Vía: Cromos.com.co

“Somos cuatro generaciones unidas en un proyecto fascinante en el que la prioridad es el respeto por la música y, sobre todo, la gozadera”, dice Cárdenas desde París, donde vive hace ya varias décadas. Cuatro miembros, cuatro edades musicales con intereses disímiles, son los responsables de crear este sonido único: el cuatrista Jorge Glem, de 30 años, conocido como “El astronauta del cuatro” y quizás el más virtuoso de su generación; Carlos “El nene” Quintero, de 62 años, el percusionista más importante de Venezuela, quien ha tocado para leyendas como Celia Cruz y Lucio Dalla; el contrabajista Elvis Martínez, miembro de la Orquesta Sinfónica de Maracaibo, y, finalmente, Alexis Cárdenas, violinista de 36 años.

Alexis Cárdenas

Alexis Cárdenas

No es exagerado decir que Cárdenas es uno de los músicos más importantes de Venezuela. Enumerar los escenarios donde ha tocado o los premios que ha ganado es una tarea dispendiosa. Sin embargo ahí están, para quien quiera verlos: el premio de violín Tibor Varga, en Suiza; el Long-Thibaud, en París; el Fritz Kreisler, en Viena, y el Henry Szering, en México. También conciertos en los grandes escenarios de Europa junto a sinfónicas como la de Viena, Montreal, Moscú y Montecarlo; y recitales bajo la batuta de directores como su compatriota Gustavo Dudamel o el estadounidense Lawrence Foster. “En la figura de este maracucho se cifran de manera harto equilibrada sus acerbos popular y clásico.

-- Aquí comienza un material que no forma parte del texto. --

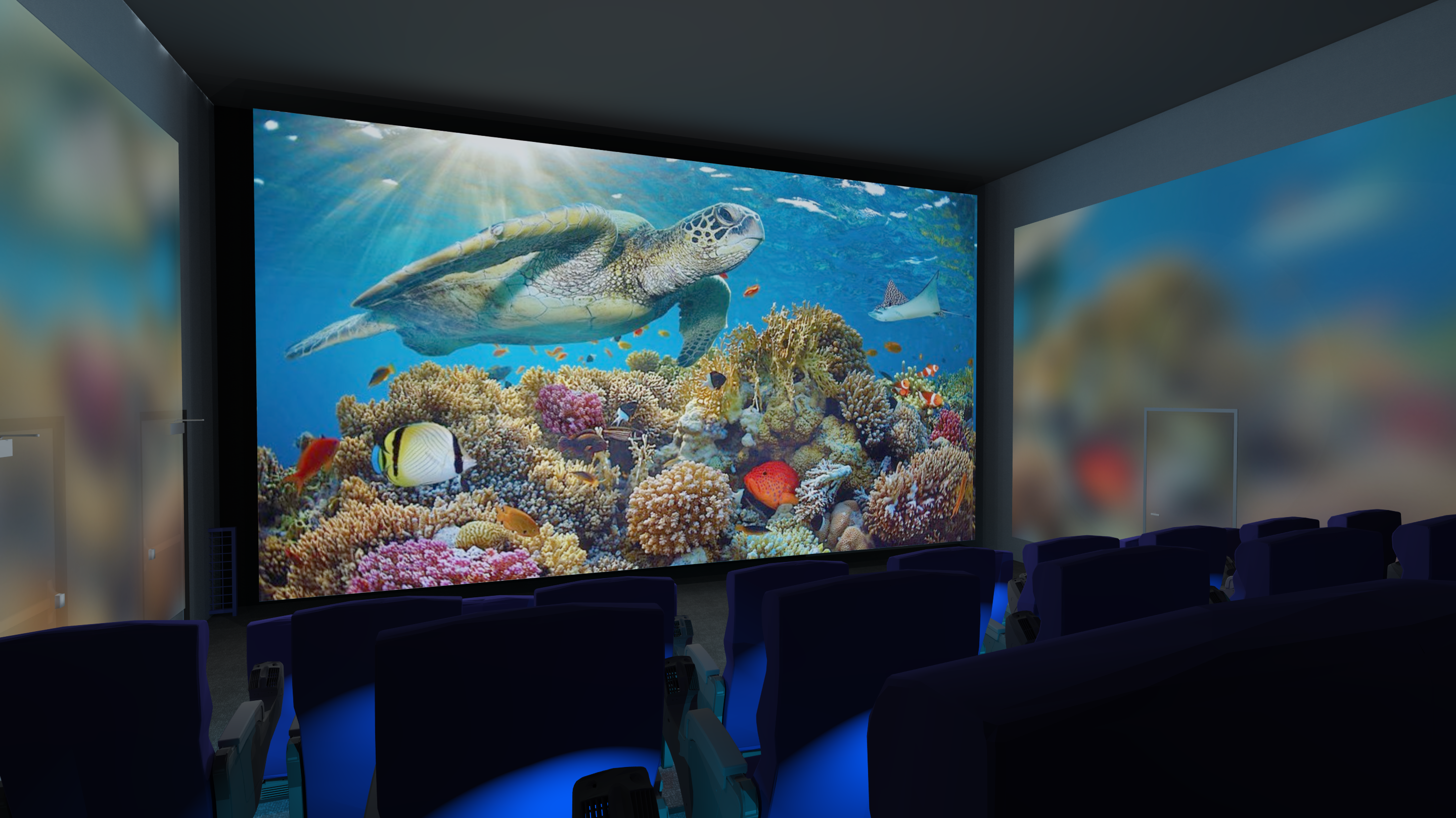 imagine prompt existing cinema interior render immersive theater with tiered seating plush velvet chairs acoustic wall panels subtle led aisle lights large projection screen contemporary auditorium environment dramatic cinematic mood rich enveloping atmosphere low key lighting screen glow soft highlights deep shadows global illumination photorealism style photographs of interior luxurious immersive precise ultra detailed 8k photorealistic cinematic moody wide angle perspective full frame dslr 20mm lens evening low light architectural photography kodak vision3 film hyper realistic volumetric lighting ar 3 2 s 540 c 18 q 2 v5

Lo anterior le ha permitido enfrentarse al repertorio académico más exigente y a la vez sorprender a los públicos del mundo entero con sus ejecuciones solistas de ritmos como el pajarillo, el merengue y otros aires venezolanos emparentados con los llanos que compartimos, y cuya ejecución es tremendamente compleja”, dice Jaime Andrés Monsalve, director musical de la Radio Nacional de Colombia y columnista musical de CROMOS. Y remata: “Recomendadísimo ver a Alexis Cárdenas tanto como solista como acompañado por orquesta”.

Alexis Cárdenas

Alexis Cárdenas

La fuerza venezolana
No es ningún secreto que el país vecino se ha convertido desde hace ya varios años en una potencia de la interpretación de la música clásica. Y lo logró gracias al esfuerzo de un hombre, José Antonio Abreu, quien hace casi cuatro décadas se propuso llenar el país de orquestas con el fin de brindarles a los jóvenes de bajos recursos una oportunidad distinta a la violencia. Hoy se han formado 400.000 músicos en las más de 280 escuelas que hay regadas a lo largo y ancho del país, y de las que han salido prodigios del género como el aclamado director Gustavo Dudamel.
Uno de esos jóvenes fue Alexis Cárdenas, quien aprendió a tocar el violín muy pequeño en la escuela del maestro José Luis Balda, en su natal Maracaibo, y debutó cuando apenas tenía 12 años acompañado por la Orquesta Sinfónica de la ciudad. Dos años más tarde ya estaba en Nueva York, en el Juliard School of Music, y a los 17 se trasladó a París, donde continuó sus estudios en el Conservatorio Nacional de Música y Danza patrocinado por la Fundación Mozarteum de Venezuela.“Fue mi padre quien me puso el violín en las manos y se ocupó de que trabajara en él. Hoy le agradezco porque muchas veces los niños no tienen la paciencia de portar un instrumento tan cruel como ese”, dice al otro del teléfono, desde su casa en la ciudad luz.
Luego su carrera musical descolló y el resto es historia: grandes escenarios, discos en solitario (como Geológico, en 2008), otros más junto a Recoveco (un grupo que fundó junto a músicos venezolanos y colombianos) y finalmente, desde hace dos años, el Alexis Cárdenas Cuarteto. “Desde hace mucho tiempo quería hacer un grupo donde se mezclaran el jazz, la música latina y lo clásico, hasta que apareció Jorge Glem y salió. Hoy somos un grupo en el que todos tenemos el alma afinada”, dice.
Quienes no lo vieron a principio de año en el Festival Internacional de Música de Cartagena podrán hacerlo en el próximo Festival Internacional de Música de Medellín, donde se presentará con su grupo el 13 de septiembre. La calidad de su sonido –aunque difícil de etiquetar– es indiscutible. Como lo reafirma el crítico musical Juan Carlos Garay: “Una de las impresiones que dejó en el Festival de Cartagena es su modestia, que contrasta con su versatilidad: Alexis es magnífico interpretando a Bach y también magnífico tocando un joropo”.